Nobody Asked Me But

We offer the thoughts of an 80 year old man who has a twenty year old mind commenting on the human condition.

NOBODY ASKED ME BUT

When the man leans back and the woman is at a computer it is boss and assistant.

Aa new book discussed the 1930s novel by James Farrell, “Studs Lonnigan.” The reviewer was profound, but in the thirties we read the book for its “dirty passages” and the hell with being profound!

A snow “storm” was predicted in St.Louis of two inches. I am in the Midwest, nor Minnesota, that’s for sure.

Obama increasingly reminds me of the smartest kid in the class who blames other factors rather than his own dumb decisions. After all, he WAS the smartest kid at Harvard!

Sarah Palin writes crib notes on her palm. Unfortunately, they never make it to her brain.

I feel clueless in Gaza– the song Israelis should sing?

When I am dictator, anyone taking more than five minutes to order will be shot at high noon.

I do not take well when the regular person at the cash register is not there.

A mother sharing a salad with a young child deserves a place in heaven.

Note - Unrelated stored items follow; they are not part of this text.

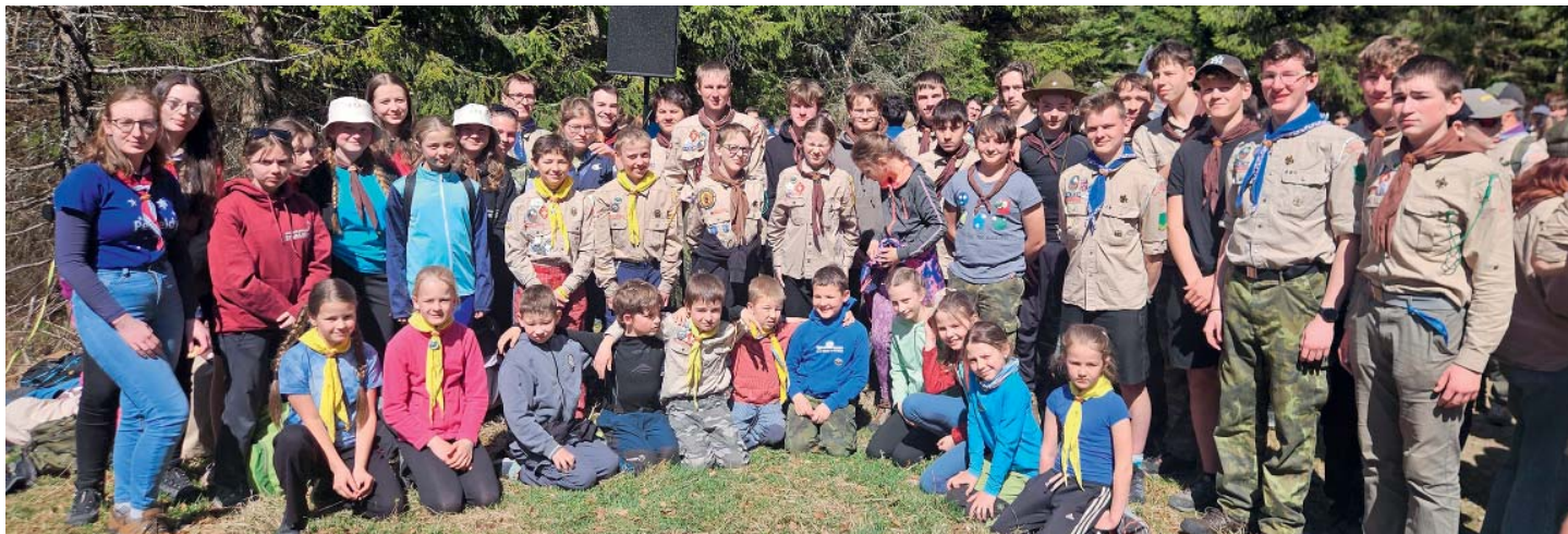
Starobělské oddíly při společném skautském setkání.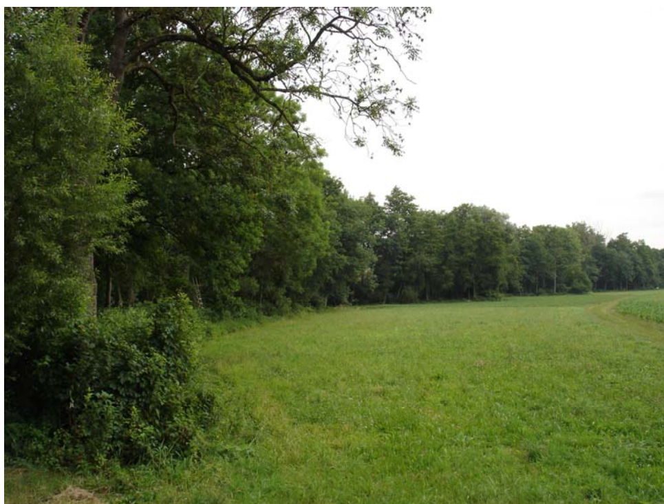
Abb. 10: Gut Strukturiertes Uferbegleitgehölz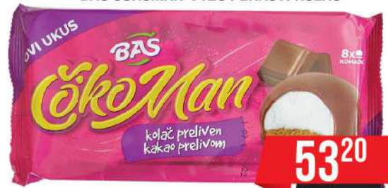
BAŠ ČOKOMAN 112G PENASTI KOLAČ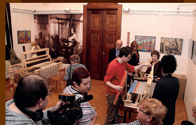
Aby neupadlo v zapomnění textilní řemeslo...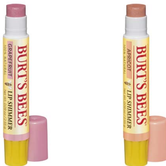
BURT'S BEES「リップシマー」 左から「グレープフルーツ」、「アプリコット」 (¥800・税抜 / ¥864・税込)

“地球に優しく、人に優しい”を信条とするアメリカ生まれのナチュラル・パーソナルケアブランド BURT'S BEES(バーツビーズ)は、人気のリップカラーシリーズ「リップシマー」に春夏向けのパステルカラー2色を新発売いたします。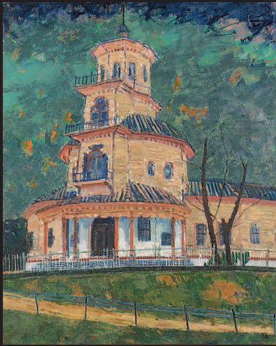
旧済生館 1987 第53回東光展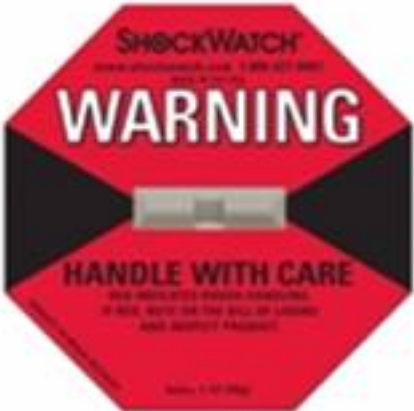
Sản phẩm này được thiết kế để bảo vệ các sản phẩm khỏi bị hư hỏng do va đập và rung động trong quá trình vận chuyển.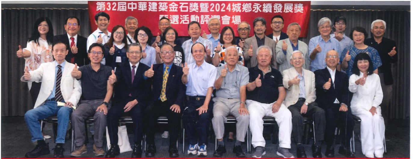
中華建築金石獎最專業最具權威的評審團隊合影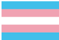
Bandera del Orgullo trans

Esta bandera fue creada con tres franjas de los siguientes colores: magenta que hace referencia a la homosexualidad, siguiendo con el azul como la heterosexualidad y el violeta como mezcla de ambas orientaciones.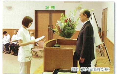
謝辞(菅井副看護部長)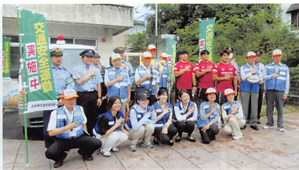
横川駅街頭キャンペーン(スカイアクティブ選手とともに)

交通事故の無い安全で快適な交通社会は誰もが望んでいるところであり、当協会としましては、広島西警察署をはじめとする関係機関・団体等と緊密な連携を図りながら、交通事故防止に関する啓発活動など、積極的な交通安全活動を展開してまいります。

I never trust any man or woman who wears a large ring.

These days God’s work is not uplifting.

Children rock in when sitting, but in school they must sit rigidly.

People put on their left before their right sleeve. Check it out.

Older woman when encountering a friend sit down before taking off their coats.

In Pizza Hut, men and women’s bathrooms are the same so why not Unisex bathrooms?

Cutting a birthday cake is a lost art.

Mom leads teenage boys when they depart.

If a young girl takes out a napkin, and gently rubs something from the boy’s face, she is serious about him.

Why doesn’t anyone say, “Happy Funeral” if they believe in heaven?

JFK always had people close to him who were from the streets of Boston to keep him in touch with reality.